(Data shown begins)

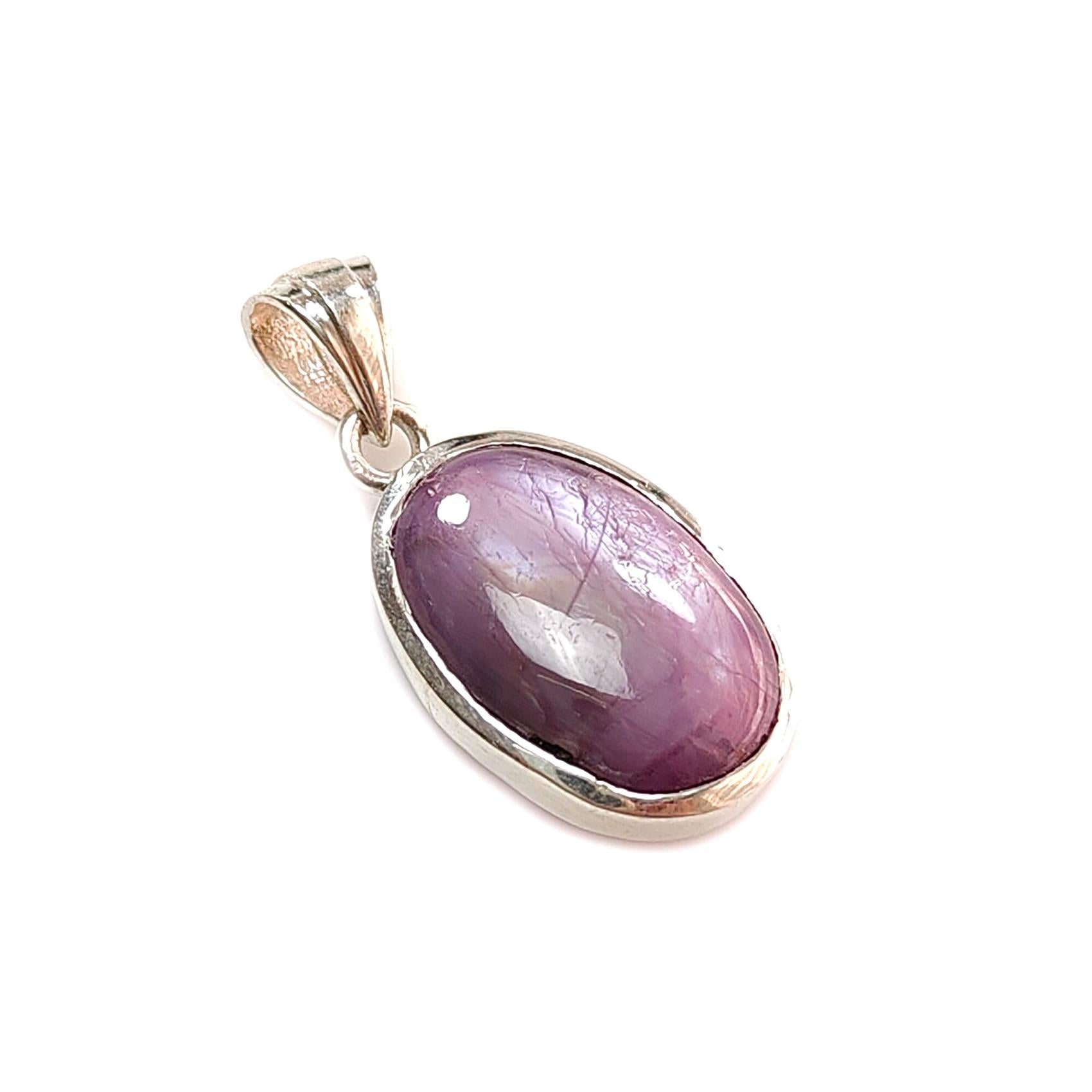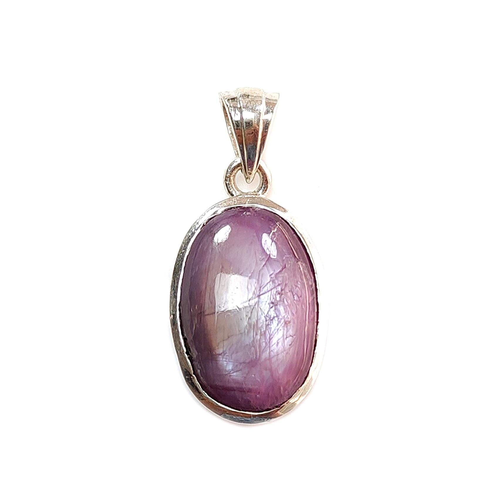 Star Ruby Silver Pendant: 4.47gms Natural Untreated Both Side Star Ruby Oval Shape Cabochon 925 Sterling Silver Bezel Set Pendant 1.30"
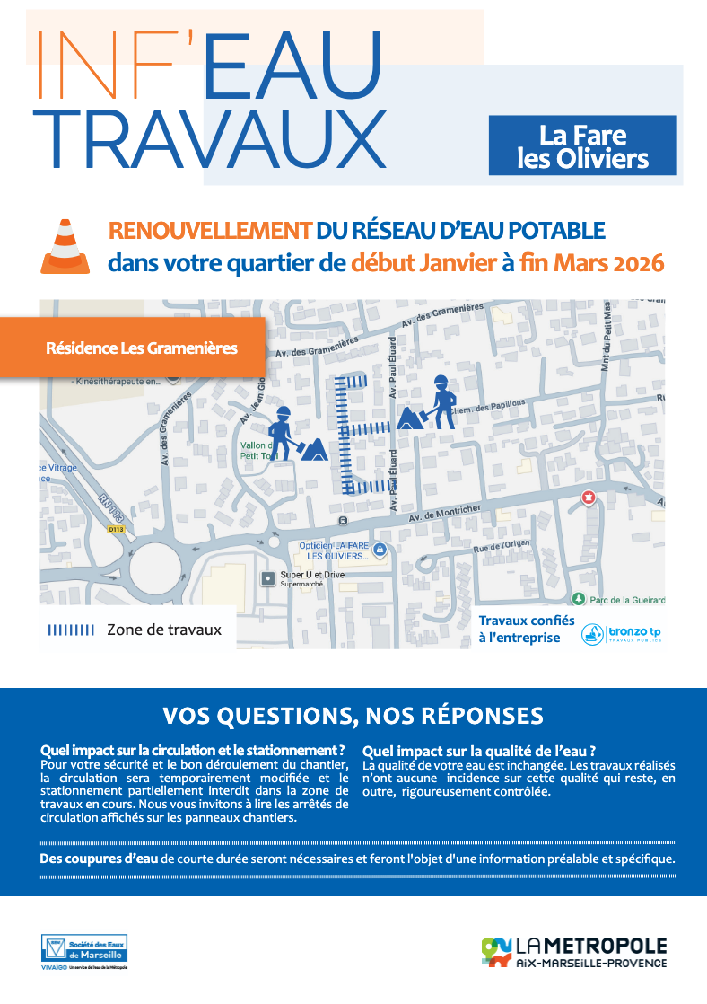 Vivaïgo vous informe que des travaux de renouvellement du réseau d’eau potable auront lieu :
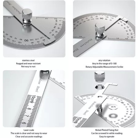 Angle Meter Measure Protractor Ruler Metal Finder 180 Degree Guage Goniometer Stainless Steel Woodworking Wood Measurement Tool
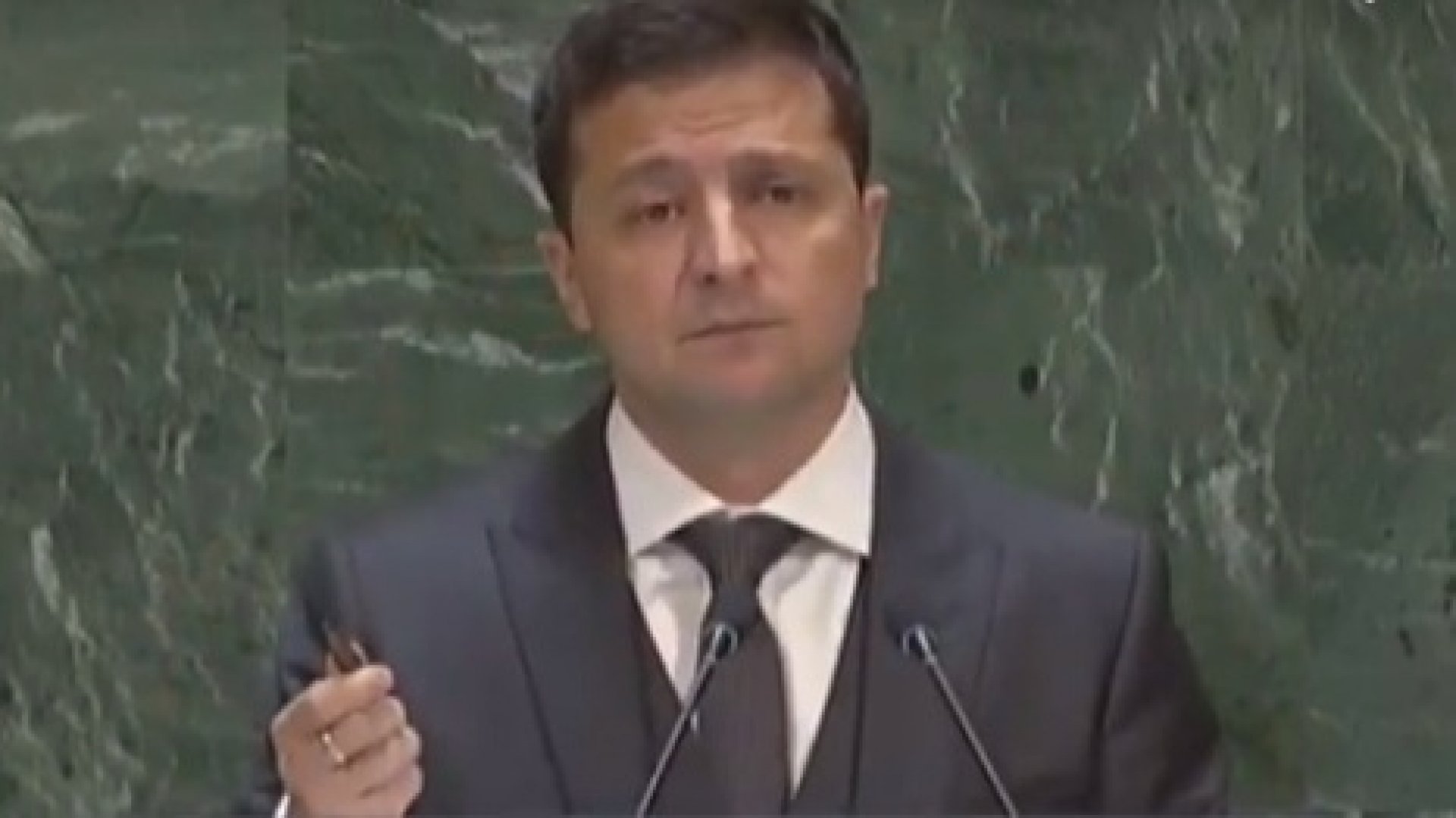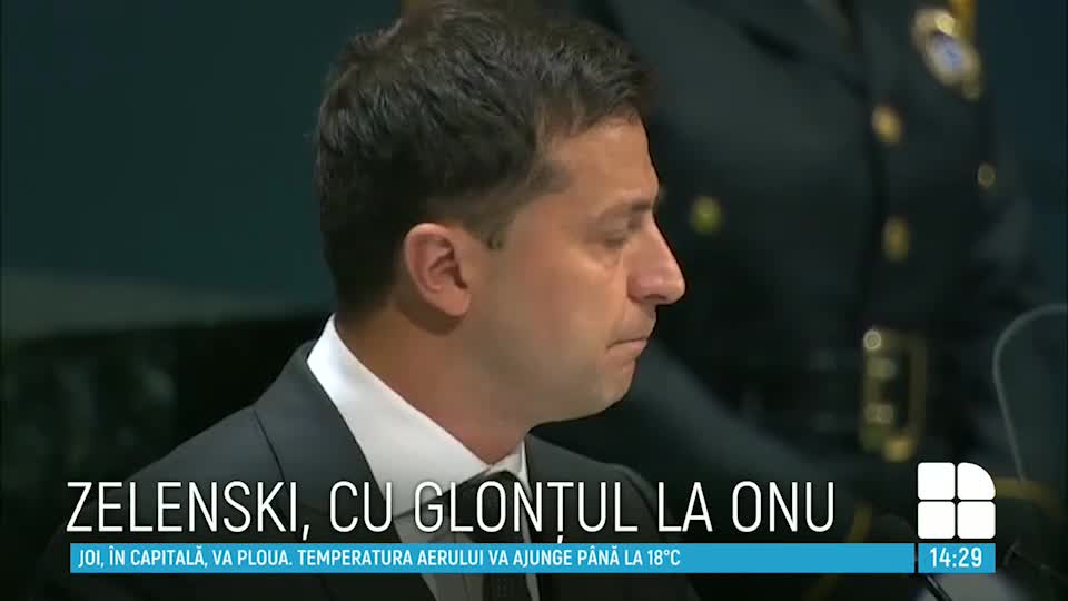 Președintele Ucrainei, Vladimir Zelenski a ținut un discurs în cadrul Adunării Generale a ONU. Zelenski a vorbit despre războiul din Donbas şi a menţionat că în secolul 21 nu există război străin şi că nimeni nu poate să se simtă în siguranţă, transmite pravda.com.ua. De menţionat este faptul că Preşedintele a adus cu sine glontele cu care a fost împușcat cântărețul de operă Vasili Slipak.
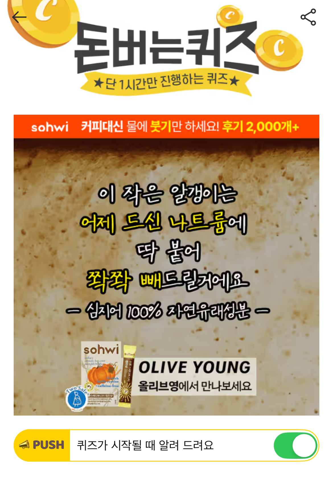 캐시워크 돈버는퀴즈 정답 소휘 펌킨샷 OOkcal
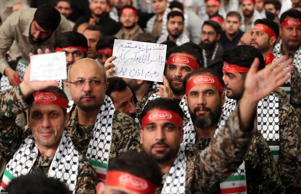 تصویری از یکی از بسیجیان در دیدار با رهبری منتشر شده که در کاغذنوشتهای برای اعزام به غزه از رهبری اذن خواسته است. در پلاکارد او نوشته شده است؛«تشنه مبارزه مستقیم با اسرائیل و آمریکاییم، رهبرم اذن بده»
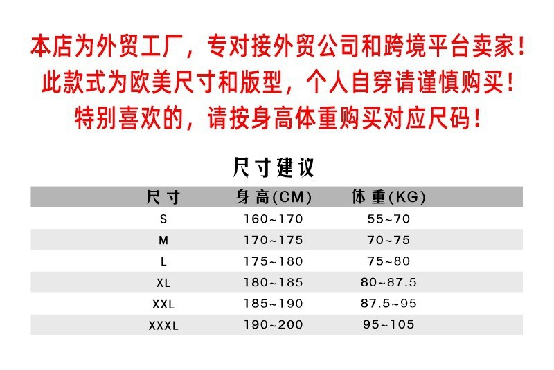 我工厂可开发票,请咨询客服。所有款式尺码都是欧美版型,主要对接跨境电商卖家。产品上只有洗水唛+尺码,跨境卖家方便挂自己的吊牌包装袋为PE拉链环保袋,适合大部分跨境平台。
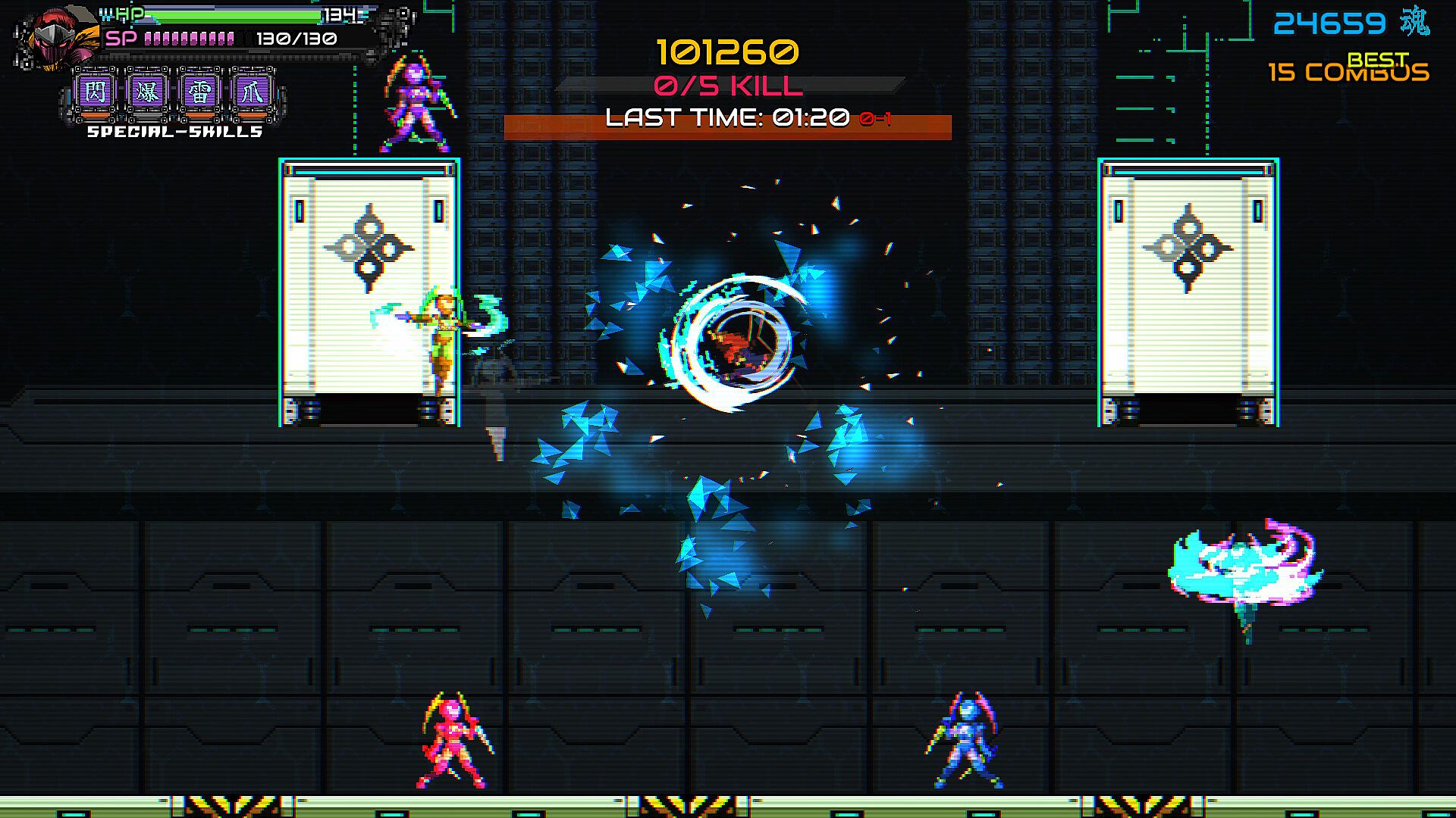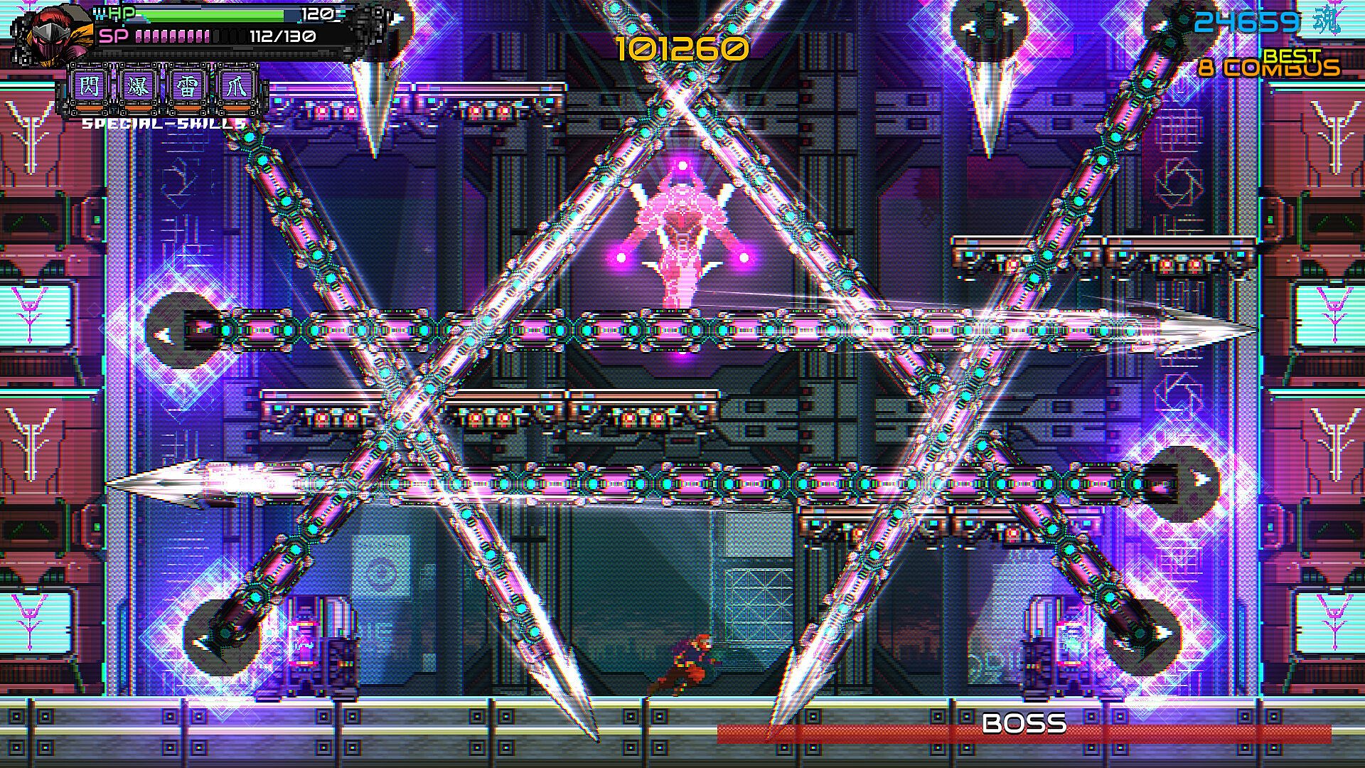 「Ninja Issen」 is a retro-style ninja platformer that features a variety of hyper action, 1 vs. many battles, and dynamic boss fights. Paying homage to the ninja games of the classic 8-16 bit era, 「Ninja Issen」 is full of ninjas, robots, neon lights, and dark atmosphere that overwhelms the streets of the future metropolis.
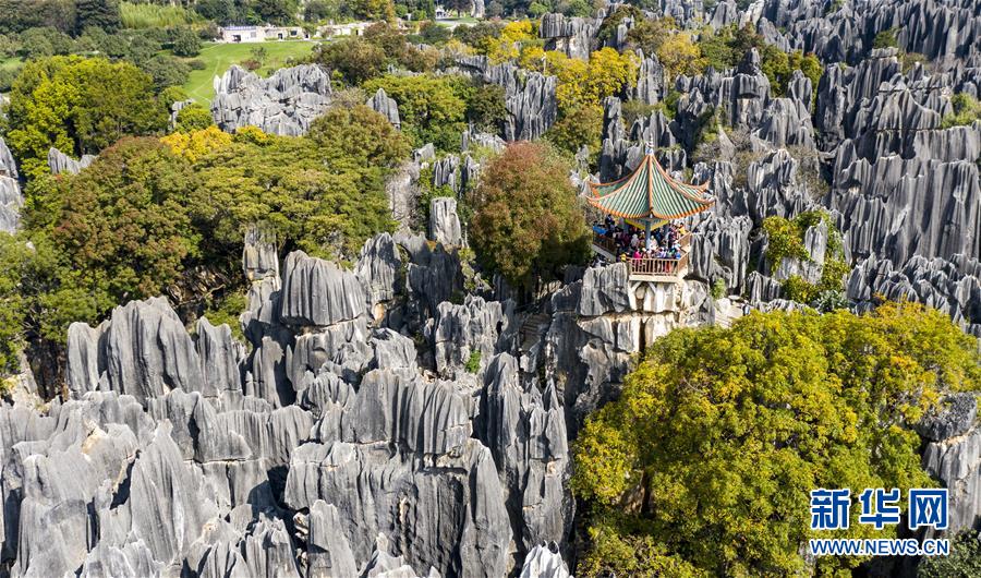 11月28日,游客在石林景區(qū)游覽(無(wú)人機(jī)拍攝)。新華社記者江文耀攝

(Data shown ends)

What the task asks – In the answer, repeat exactly the lines from the top of the entries above through the line with "Vivaïgo vous informe", and leave pictures out of it.

Task output –
 Star Ruby Silver Pendant: 4.47gms Natural Untreated Both Side Star Ruby Oval Shape Cabochon 925 Sterling Silver Bezel Set Pendant 1.30"
 Vivaïgo vous informe que des travaux de renouvellement du réseau d’eau potable auront lieu :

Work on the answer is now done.